SUPPLIED MATERIAL:

Segment Open

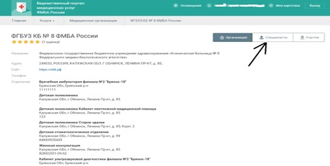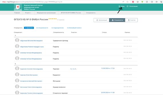 - Откроется окно ведомственного портала ФМБА:
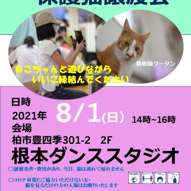 8/1 柏市根本ダンススタジオ猫カフェ風保護猫譲渡会
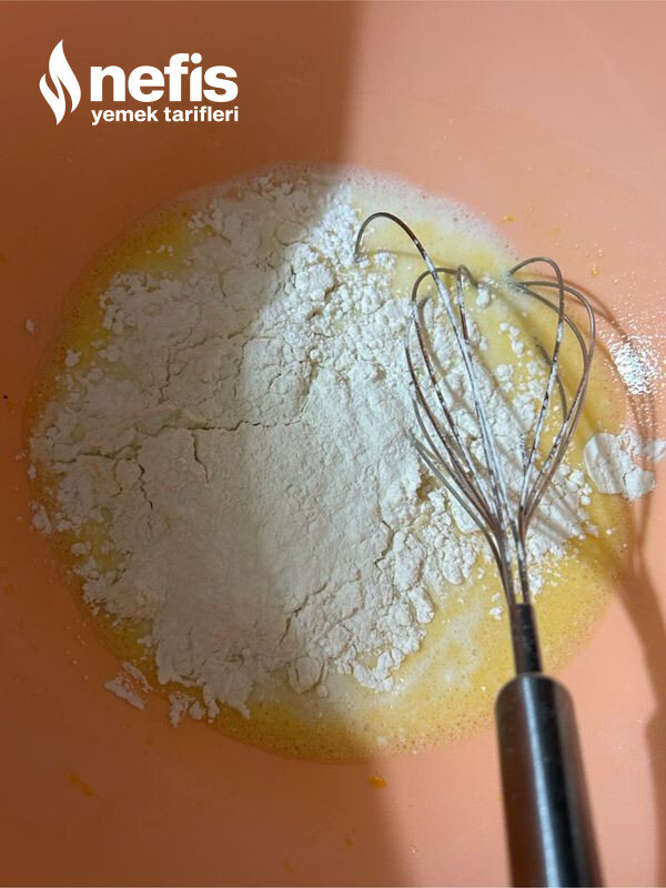 - Süt, un, kabartma tozu vanilya ile uygunca karıştırılır.

Segment Closed

EXERCISE DIRECTIONS: Return an exact copy of the data above, apart from any pictures.

OUTPUT:
 - Откроется окно ведомственного портала ФМБА:
 8/1 柏市根本ダンススタジオ猫カフェ風保護猫譲渡会
 - Süt, un, kabartma tozu vanilya ile uygunca karıştırılır.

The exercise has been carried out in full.